Unfortunately, while I was off gallivanting and sprinkling spells here and there, evil Petro Loa and Gede death daimons had snuck in the back door and infected my closest circle. One friend, possessed by the Gede Baron Samedi, completely lost his shit and began threatening to slit the throats of our family members. Ugly, ugly stuff; typical of the self-destructive streak in Gédé possession. The normally tranquil and harmonious home of my brother, ex, and many dear friends was torn and twisted by squabbles brought on by a full moon and the superbitch Loa, Marinette-bwa-Cherche. Before long, I discovered that two other wonderful people, for reasons too personal to delve into, wanted to murder me. Or at the very least, maybe just castrate me with a pair of rusty gardening shears. This was too much, all of it. Too dark, sudden, and personal to be the work of higher and indifferent Loa. What had gotten the spirits in such a rotten mood? The question demanded more than a little gig or incantation. It was time for a voodoo séance, a circle of ritual possession, so that the gods could get some things off their chest and explain exactly why they were putting my friends and I through the ringer.

Haitians usually imbibe rum or other tingly drinks when inviting the Loa to, as they say, “mount them.” Me, I prefer cough syrup, dextromethorphan polistrex, arguably the Will-To-Believe in a bottle. Perfect for voodoo; possession demands absolute conviction. But I needed to act fast; the demons were creeping closer. On the morning before our seance, as if to drive their point home, the evil Jean-Zandor scrambled the mental arithmetic of another housemate, forcing him to overdose on a high-power, mail-ordered psychedelic, “by a factor of ten.” As friends rushed him to the emergency room, to be inundated with Valium, I was left to wonder “do the Loa have similar plans for me this evening? What kind of cannibal is sitting at the center of all this misery?” I had to know, whatever the consequences.
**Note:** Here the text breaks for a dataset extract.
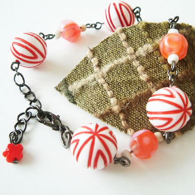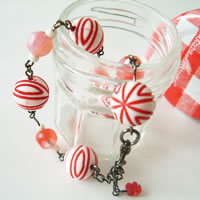 ドングリあめのような、フランスビーズをたくさん使用したお菓子のようなブレスです。アジャスターのトップに、四つ葉のクローバーを付けてみました。ピアスとセットで付けるとかわいさupです。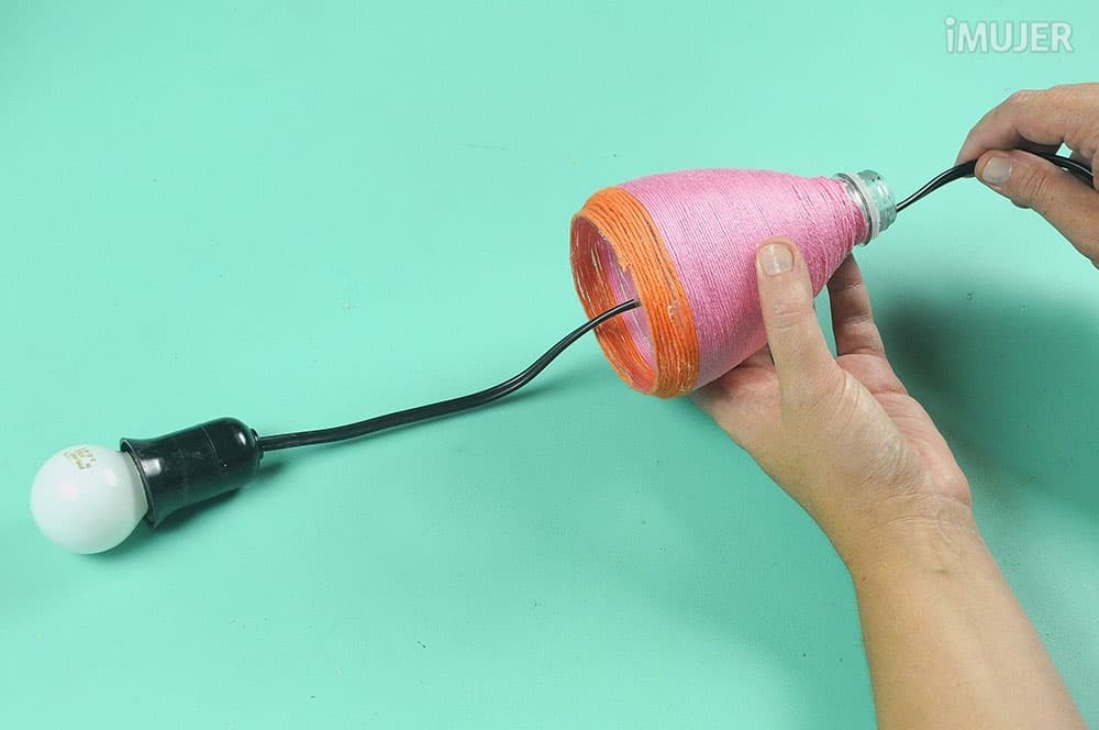 Para finalizar solo tienes que conectar a la corriente eléctrica el cableado y encender la luz. Tu original lámpara iluminará tus próximas ideas.

The night came. We dimmed the lights, weighed down the keys of an organ to achieve a warm, hypnotic drone, then sat back as the active ingredients kicked in and melted away the candycoat of everyday perspective. That night there was no dancing, no hoots and hollers around a crumbling gravestone. We peed on the backporch steps to ward off evil spirits, but mostly, I just fell inward. Chanting under my breath “Ago Ellegua. Mount me, Papa Legba, and show me the source of all my sorrows.” And you know what? Despite all my irreverent crap, despite the pseudo-voodoo and the whole tampon business, Legba came. Sure enough, he came. He told me, in effect:
“Brandon, you have been an assfaced cockmaster. You have been selfish. You have been ungrateful. To me and others. You are the source of all your sorrows.” And, for reasons too personal to delve into, I knew Legba was right. Every action has an equal and opposite reaction. The Loa were serving me my just desserts. Funny that it took this for me to understand the Voodoo doctrine of predestination: that our world— that is our true environment, the people and circumstances directly around us— is the product of our own personality, for good or for ill. And maybe I don’t follow or swallow the voodooisms in a straightforward way, but it does make me wonder. Just the pure poetry of the judgments. Could the world work this way alone? So much so that one can divine social catastrophe with deep introspection? Strange forces at work. Trembling in my fingertips. Knowing smiles on Legba’s lips; says he knows full well. Boy been watchin too many movies on da teevee…
Repentance. My only hope for another chance from above and below. I walked out into the starry night, with a hammer and a jar of rotten meat, hoping that my gods and friends would believe the spectacle of self-abasement that was about to follow. It sure wasn’t going to be pretty. “Forgive me Legba, Shango, Oxum, all you guys. I have been, a fool.”